There were other things I did not recognize, but they were not moving or colorful.

Next, I got out my beloved dissecting scope to look at the mud samples.  I put a sample of mud inside a white jar lid (an improvisation, since my examination disk seemed to be missing) and spread it around.  I added a little water to thin it out, but that may have been unscientific of me.  I really do need to get myself a fresh supply of distilled water.
Under the stereoscope and my watchful eye, I used a probe to move things around. 
What I saw was:  sediment.  Grains of sediment.  And water, of course.  And some debris such as bits of dead leaves and sticks – but no evidence of anything breaking them down.
Not much action here.

So, what are my conclusions after my first adventure with Cottonwood Pond water and mud, and the microscopes?

1.                  I am impatient.  I want things to happen before they really can.  I want to see things munching, scraping, moving about, breaking down matter, contributing to the development of this pond.  But, it takes more time than what it has had.  Isn't is similar to this wheelbarrow full of rain water?


The wheelbarrow filled up from successive rains.  Inside the water are a couple of corn husks that blew in from a nearby compost pile.  I don't expect the husks, the water, or the bottom of the wheelbarrow to be exhibiting life yet, so I shouldn't expect so much from my little pond just yet, either.

2.                  Life is, indeed, starting up.  There are, at least, Paramecia and blue-green algae in the water, and probably more things that I didn't recognize.  With so much going on around the pond, and with increasing temperatures, as well as well as increasing numbers of daylight hours, things will be happening.  The frogs have told me so.

3.                  I need to do some things in the near future:
a.  make a fabric scoop net to sweep through the water and see what I find that way.
b.  gather or make sieves for examining mud.
c.  make a viewer for peering into water (and something to lie on top of while doing so)
d.  learn more about how ponds develop, cycles in a pond, the progression and web of life in a pond
e.  locate my information and pictures of fresh water organisms (from unicellular on up) or locate other sources to use
f.  examine the detritus more closely
g. examine the algae more closely
h.  examine stuff from the seep
I.  get thermometers for measuring air and water temperature, and take the temperatures every time I visit the pond.

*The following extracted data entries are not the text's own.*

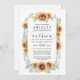 Convite para Janto de ensaio de Sunflower country - apresenta girassóis elegantes de aquarela com verde claro entrelaçados sobre uma caixa de texto única.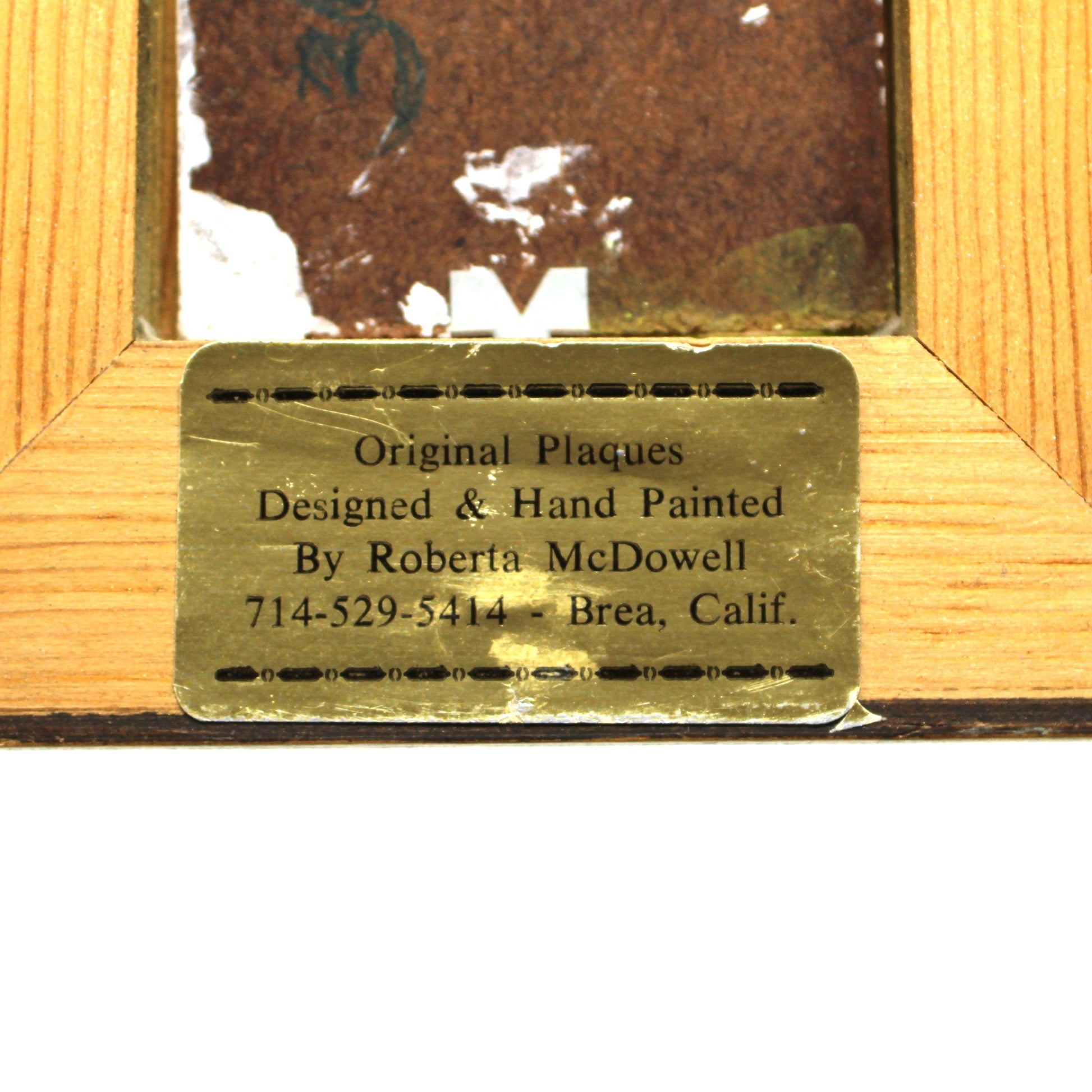 - Details: A charming vintage original by Roberta McDowell, this hand-painted and signed wall plaque, captures a whimsical blue bird perched on a branch, in bright, retro tones. Framed in a gorgeous, gold and beige, authentic wood frame, (no glass). This is an original work, not a print, the back retains the original foil sticker that reads: "Original Plaques Designed & Hand Painted by Roberta McDowell, Calif". Ready to hand with a sawtooth hanger attached. This 1970's piece brings genuine character to just about any space that needs a bright touch of color. The artist's distinctive work and folk-art sensibility make it a collectible accent that celebrates vintage craftsmanship and timeless, lighthearted charm. We also carry a framed Girl with Blue Bird and Flower design by Roberta, if you'd like both paintings, please contact us for a 15% discount.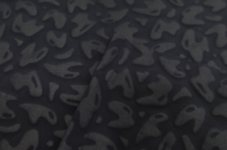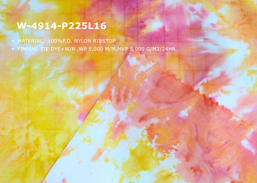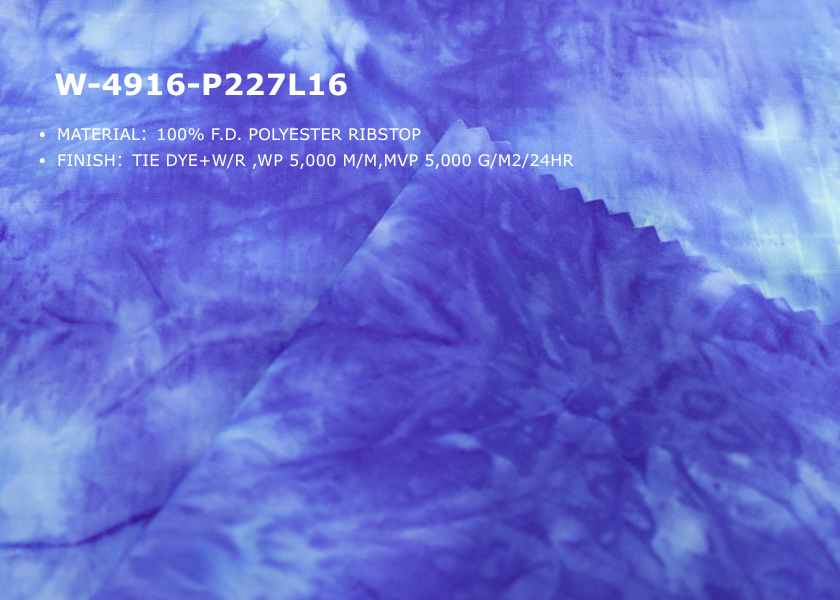 Tie-dyed fabric is a resist-dyeing technique that produces a broad range of patterns, from recognizable motifs such as spirals, diamonds, and marble effects to more complex, artistic surface designs. It offers visual unpredictability and unique aesthetics, often used in conceptual or limited-edition textile applications. W-4670-P253A06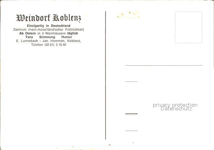 72529178 Koblenz Rhein Weinfest postalisch nicht gelaufen Erhaltung siehe scans KatCode: 11110007111000

I  hope  the frogs that visit Cottonwood Pond will start calling so that I can recognize them (since they jump into the water too quickly).  I hope I even find frog eggs, or tadpoles.  I hope I find more squiggly things.  I hope something nests in the root ball. 
Oops – there I go again – being impatient!!



1 comment:

  1. Sounds like an interesting afternoon. You have quite the equipment. We gardeners/naturalists are full of hope.